En résumé, cette phase de conquête pionnière, qui va se répéter pendant des décennies, jusqu’à aujourd’hui où elle emporte les dernières forêts de l’extrême Ouest, dans la région de Man, relève d’un processus malthusien ou de la première phase d’un processus boserupien.

Même s’il n’en réalise pas l’ampleur, l’Etat favorise ce processus et n’exerce pas d’effort particulier pour promouvoir des intrants importés coûteux en devises. Par ailleurs, vers la fin des années 1980, au moment précis où les planteurs sont touchés par un début de vieillissement de leurs plantations et pourraient avoir besoin de conseils, la structure de vulgarisation est laminée par le manque de moyens financiers: c’est aussi un grand classique des histoires cacaoyères. Si la vulgarisation disparait provisoirement et si le processus de conquête foncière se reproduit encore en 2016, comment a pu se déclencher la réponse boserupienne dès les années 1980/90 ?

 

L’adoption de l’engrais dans les années 1980/90 : un processus d’abord boserupien

 

Au tournant des années 1970/80, l’engrais cacao n’apparait qu’à l’état de traces. Sur notre premier échantillon de 450 planteurs, seulement deux cas émergent dans le Sud-Ouest, aucun dans l’Est. Quant au Centre-Ouest, le seul cas observé est un essai d’engrais en 1984 par un des plus gros planteurs, d’origine Baoulé, ayant accumulé 45 ha de cacao. Ses cacaoyers font plus de feuilles mais guère plus de cabosses. Il s’agit d’un engrais N-P-K 10-18-18 destiné à un projet de riziculture. Ce constat semble cohérent avec le diagnostic des agronomes de l’époque dans leurs stations de recherche : les cacaoyers ne répondent guère à l’apport d’azote. Les agronomes proposent une vingtaine de formules, chacune supposée adaptée à une petite région, et la grande majorité ne contient pas d’azote (Jadin, 1975 ; Jadin et Snoeck, 1985 ; Snoeck  et al., 2015). Aucun fabricant d’engrais ne prend le risque de produire ces nombreuses formulations et de les mettre sur le marché.
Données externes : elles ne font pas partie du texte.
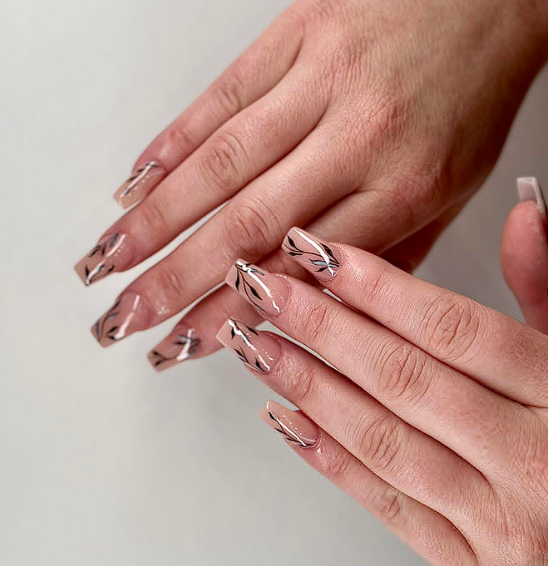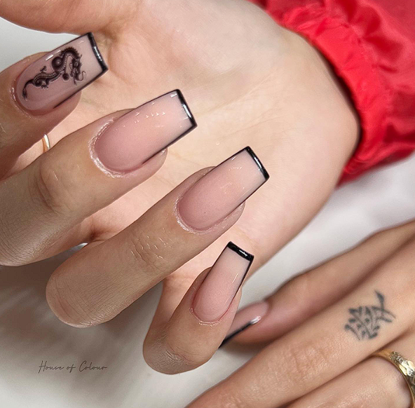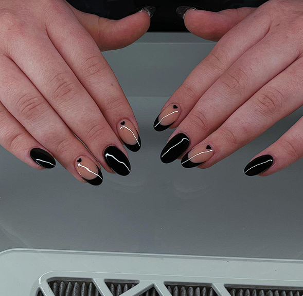 11. French manicure with thin charcoal tips

Néanmoins, à la fin des années 1980, la société Siveng, filiale des Potasses d’Alsace, s’inspire de ces résultats de la recherche pour mettre sur le marché une formule unique N-P-K-Mg, officiellement un 0-20-20-4, en réalité un 2-20-20-4, avec une production symbolique entre 500 et 1000 tonnes. Puis au début des années 1990, la société Hydrochem développe la formule 0-23-19-5, unique pour toute la zone cacaoyère de Côte d’Ivoire. L’invention « engrais cacao » est donc co-construite par la recherche agronomique et l’industrie des engrais et peut alors se transformer en une innovation adoptée par les planteurs sous réserve que la course à la forêt et à la rente forêt s’estompe pour une partie d’entre eux.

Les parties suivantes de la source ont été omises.